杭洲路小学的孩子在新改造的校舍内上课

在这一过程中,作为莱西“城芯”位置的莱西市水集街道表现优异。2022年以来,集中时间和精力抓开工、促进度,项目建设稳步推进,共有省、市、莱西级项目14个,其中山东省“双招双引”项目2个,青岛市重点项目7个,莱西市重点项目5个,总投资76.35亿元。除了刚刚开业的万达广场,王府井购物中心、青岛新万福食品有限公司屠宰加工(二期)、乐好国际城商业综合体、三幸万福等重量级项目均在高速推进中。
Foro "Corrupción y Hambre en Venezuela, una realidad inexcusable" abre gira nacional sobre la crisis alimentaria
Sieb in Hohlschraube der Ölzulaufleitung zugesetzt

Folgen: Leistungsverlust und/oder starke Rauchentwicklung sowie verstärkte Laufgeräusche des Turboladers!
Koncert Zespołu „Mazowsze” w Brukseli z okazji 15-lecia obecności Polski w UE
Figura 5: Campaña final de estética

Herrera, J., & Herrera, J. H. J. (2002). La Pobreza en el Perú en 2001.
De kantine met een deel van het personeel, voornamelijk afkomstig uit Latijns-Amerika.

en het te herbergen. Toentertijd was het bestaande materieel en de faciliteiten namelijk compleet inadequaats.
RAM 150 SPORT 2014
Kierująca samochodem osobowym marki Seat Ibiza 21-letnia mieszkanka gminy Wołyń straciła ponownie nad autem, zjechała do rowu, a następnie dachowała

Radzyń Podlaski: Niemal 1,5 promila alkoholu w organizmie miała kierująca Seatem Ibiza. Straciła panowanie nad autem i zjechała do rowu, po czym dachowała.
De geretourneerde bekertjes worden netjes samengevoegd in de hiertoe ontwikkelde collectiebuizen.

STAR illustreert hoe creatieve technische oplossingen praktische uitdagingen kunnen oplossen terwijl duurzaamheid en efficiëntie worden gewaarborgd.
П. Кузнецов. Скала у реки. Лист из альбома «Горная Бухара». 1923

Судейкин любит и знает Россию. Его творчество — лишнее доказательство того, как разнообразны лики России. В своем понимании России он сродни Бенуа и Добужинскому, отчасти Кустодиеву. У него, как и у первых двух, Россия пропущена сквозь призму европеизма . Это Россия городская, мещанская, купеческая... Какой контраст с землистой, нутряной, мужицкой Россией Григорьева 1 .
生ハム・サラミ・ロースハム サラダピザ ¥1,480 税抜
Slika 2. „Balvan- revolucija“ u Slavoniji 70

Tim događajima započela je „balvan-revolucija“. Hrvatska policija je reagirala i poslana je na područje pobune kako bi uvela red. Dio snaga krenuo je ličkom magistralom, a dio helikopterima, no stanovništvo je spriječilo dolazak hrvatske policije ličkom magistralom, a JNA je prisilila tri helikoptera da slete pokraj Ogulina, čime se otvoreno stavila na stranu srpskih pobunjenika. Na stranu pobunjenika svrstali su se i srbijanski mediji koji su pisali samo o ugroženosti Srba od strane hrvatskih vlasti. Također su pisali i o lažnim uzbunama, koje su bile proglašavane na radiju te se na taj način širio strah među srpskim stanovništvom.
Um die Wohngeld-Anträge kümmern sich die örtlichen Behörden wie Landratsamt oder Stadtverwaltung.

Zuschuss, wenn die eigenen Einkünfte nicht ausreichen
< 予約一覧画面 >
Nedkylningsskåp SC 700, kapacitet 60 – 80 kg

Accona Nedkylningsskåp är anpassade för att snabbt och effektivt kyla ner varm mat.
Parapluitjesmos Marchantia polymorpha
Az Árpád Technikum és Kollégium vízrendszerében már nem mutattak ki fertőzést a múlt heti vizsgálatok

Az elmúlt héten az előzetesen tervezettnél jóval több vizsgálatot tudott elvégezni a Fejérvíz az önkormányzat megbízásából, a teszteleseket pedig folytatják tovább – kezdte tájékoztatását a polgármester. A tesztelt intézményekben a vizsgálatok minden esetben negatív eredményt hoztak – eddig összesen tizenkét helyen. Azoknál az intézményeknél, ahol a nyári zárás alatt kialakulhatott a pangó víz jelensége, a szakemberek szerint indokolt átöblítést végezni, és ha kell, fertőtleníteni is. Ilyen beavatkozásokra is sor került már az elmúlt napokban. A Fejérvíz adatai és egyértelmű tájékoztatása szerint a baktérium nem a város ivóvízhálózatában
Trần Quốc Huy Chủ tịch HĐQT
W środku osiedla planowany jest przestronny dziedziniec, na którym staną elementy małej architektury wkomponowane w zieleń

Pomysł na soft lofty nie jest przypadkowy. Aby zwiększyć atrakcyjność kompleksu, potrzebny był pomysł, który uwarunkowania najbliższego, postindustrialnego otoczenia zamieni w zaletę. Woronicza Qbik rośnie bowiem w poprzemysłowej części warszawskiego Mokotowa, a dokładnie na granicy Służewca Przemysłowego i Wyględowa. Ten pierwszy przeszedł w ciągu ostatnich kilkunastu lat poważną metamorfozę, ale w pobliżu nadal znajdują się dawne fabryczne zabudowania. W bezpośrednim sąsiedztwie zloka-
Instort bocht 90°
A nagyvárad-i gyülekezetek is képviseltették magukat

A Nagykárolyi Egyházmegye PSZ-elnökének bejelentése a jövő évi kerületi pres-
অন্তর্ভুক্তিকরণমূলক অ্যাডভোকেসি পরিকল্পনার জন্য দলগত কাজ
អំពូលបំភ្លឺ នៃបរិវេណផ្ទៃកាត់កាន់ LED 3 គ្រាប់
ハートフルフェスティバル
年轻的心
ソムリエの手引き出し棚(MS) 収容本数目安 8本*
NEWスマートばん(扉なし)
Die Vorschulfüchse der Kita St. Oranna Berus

## EXERCISE PROMPT:
Return the span of lines in the data above that opens at the line with "Trần Quốc Huy Chủ tịch HĐQT" and closes at the line with "W środku osiedla", exactly, ends included, nothing else.

## TASK RESULT:
Trần Quốc Huy Chủ tịch HĐQT
W środku osiedla planowany jest przestronny dziedziniec, na którym staną elementy małej architektury wkomponowane w zieleń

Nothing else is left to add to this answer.